→ **THE DATA**
::::::::::

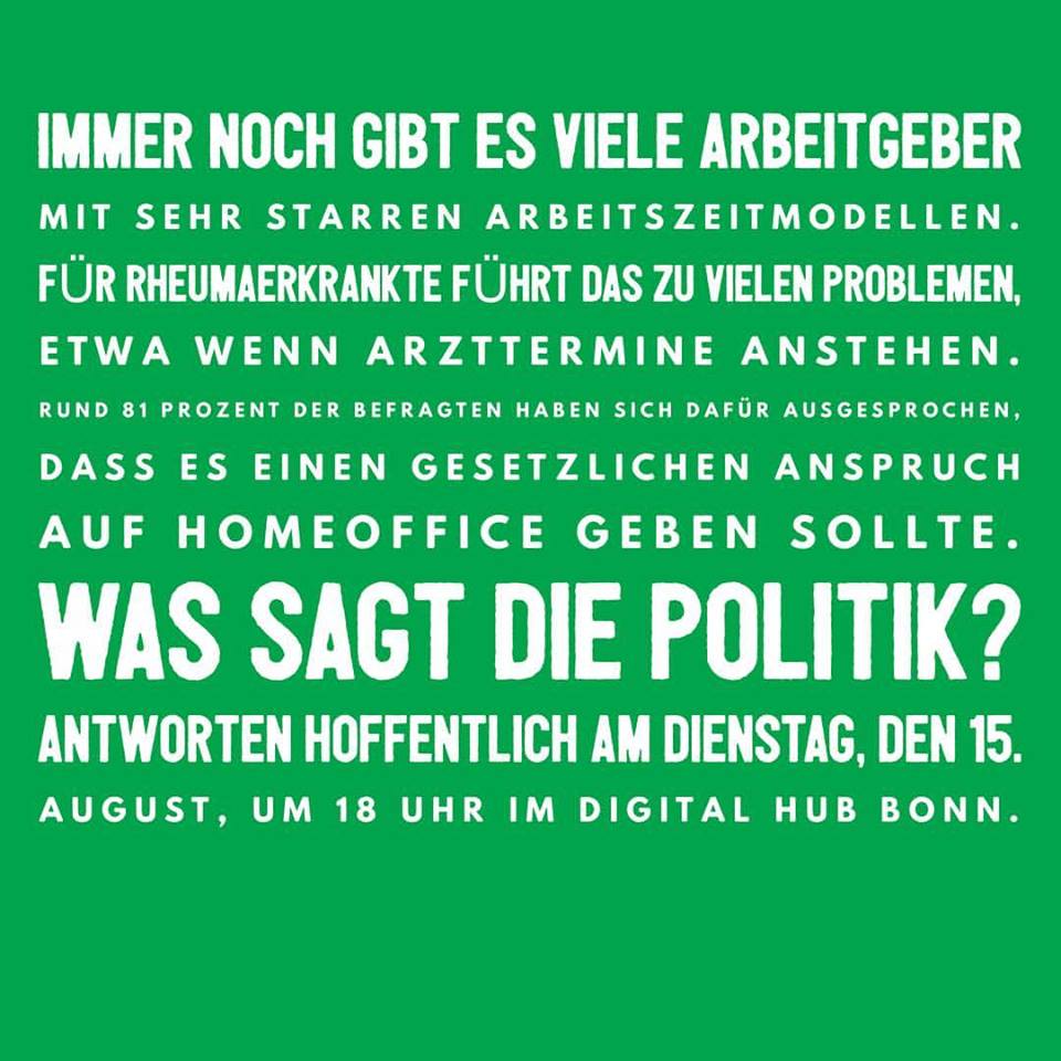 Unter Moderation von Arzt und Fernsehkorrespondent Dr. Christoph Specht diskutierten die Bundestagsabgeordneten Katja Dörner (Grüne), Sozialdemokrat Ulrich Kelber und die Landespolitikerin und selbst an rheumatoider Arthritis erkrankte Franziska Müller-Rech von der FDP. Den Fragen stellen sich auch der CDU-Politiker Alfred Giersberg vom Stadtrat Bonn, Michael Castillo, Gesundheitsmanager bei der Deutschen Telekom und Herbert Schulte, Landesgeschäftsführer NRW des Bundesverbandes mittelständischer Wirtschaft. Die Präsidentin der Deutschen Rheuma-Liga, Rotraud Schmale-Grede und Vizepräsidentin Marion Rink forderten, chronisch Kranken einen langfristigen Arbeitsplatz zu ermöglichen und sie vor Altersarmut zu schützen.
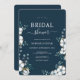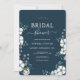 Vattenfärgade bomullsblommor och eukalyptus-gröntar. Blåblå Inbjudningskort för möhippan. Firar med den här söta samlingen
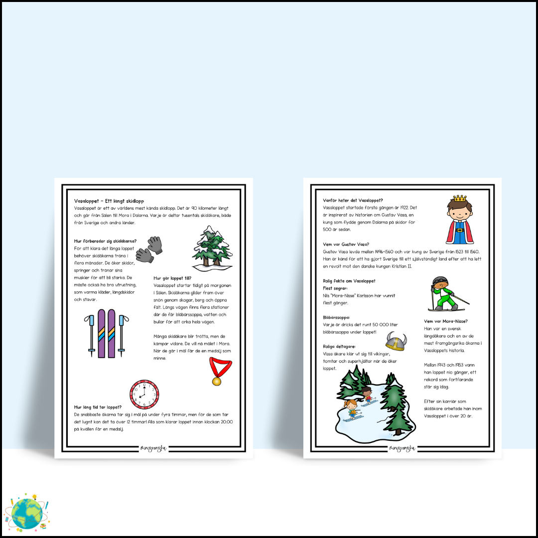 Upptäck historien bakom Vasaloppet! Läs en längre text om skidtävlingen, Mora-Nisse och Gustav Vasa. Materialet hjälper eleverna att förstå mer om loppet och dess betydelse i Sverige. Perfekt för att utveckla sin läsförståelse! -En längre text om Vasaloppet -Fakta om Mora-Nisse och Gustav Vasa -Läsförståelsefrågor och bildstöd Innehåll: Måla Dalarnas län Mellan vilka platser går Vasaloppet? Frågor till texten Ordklasser Vad gör de? Beskriv barnen Skriv om Vasaloppet Upptäck Dalarna PDF: A4

::::::::::

→ **WORK TASK**
Only the pictures are to be left out; repeat all other material exactly.

→ **EXERCISE SOLUTION**
 Unter Moderation von Arzt und Fernsehkorrespondent Dr. Christoph Specht diskutierten die Bundestagsabgeordneten Katja Dörner (Grüne), Sozialdemokrat Ulrich Kelber und die Landespolitikerin und selbst an rheumatoider Arthritis erkrankte Franziska Müller-Rech von der FDP. Den Fragen stellen sich auch der CDU-Politiker Alfred Giersberg vom Stadtrat Bonn, Michael Castillo, Gesundheitsmanager bei der Deutschen Telekom und Herbert Schulte, Landesgeschäftsführer NRW des Bundesverbandes mittelständischer Wirtschaft. Die Präsidentin der Deutschen Rheuma-Liga, Rotraud Schmale-Grede und Vizepräsidentin Marion Rink forderten, chronisch Kranken einen langfristigen Arbeitsplatz zu ermöglichen und sie vor Altersarmut zu schützen.
 Vattenfärgade bomullsblommor och eukalyptus-gröntar. Blåblå Inbjudningskort för möhippan. Firar med den här söta samlingen
 Upptäck historien bakom Vasaloppet! Läs en längre text om skidtävlingen, Mora-Nisse och Gustav Vasa. Materialet hjälper eleverna att förstå mer om loppet och dess betydelse i Sverige. Perfekt för att utveckla sin läsförståelse! -En längre text om Vasaloppet -Fakta om Mora-Nisse och Gustav Vasa -Läsförståelsefrågor och bildstöd Innehåll: Måla Dalarnas län Mellan vilka platser går Vasaloppet? Frågor till texten Ordklasser Vad gör de? Beskriv barnen Skriv om Vasaloppet Upptäck Dalarna PDF: A4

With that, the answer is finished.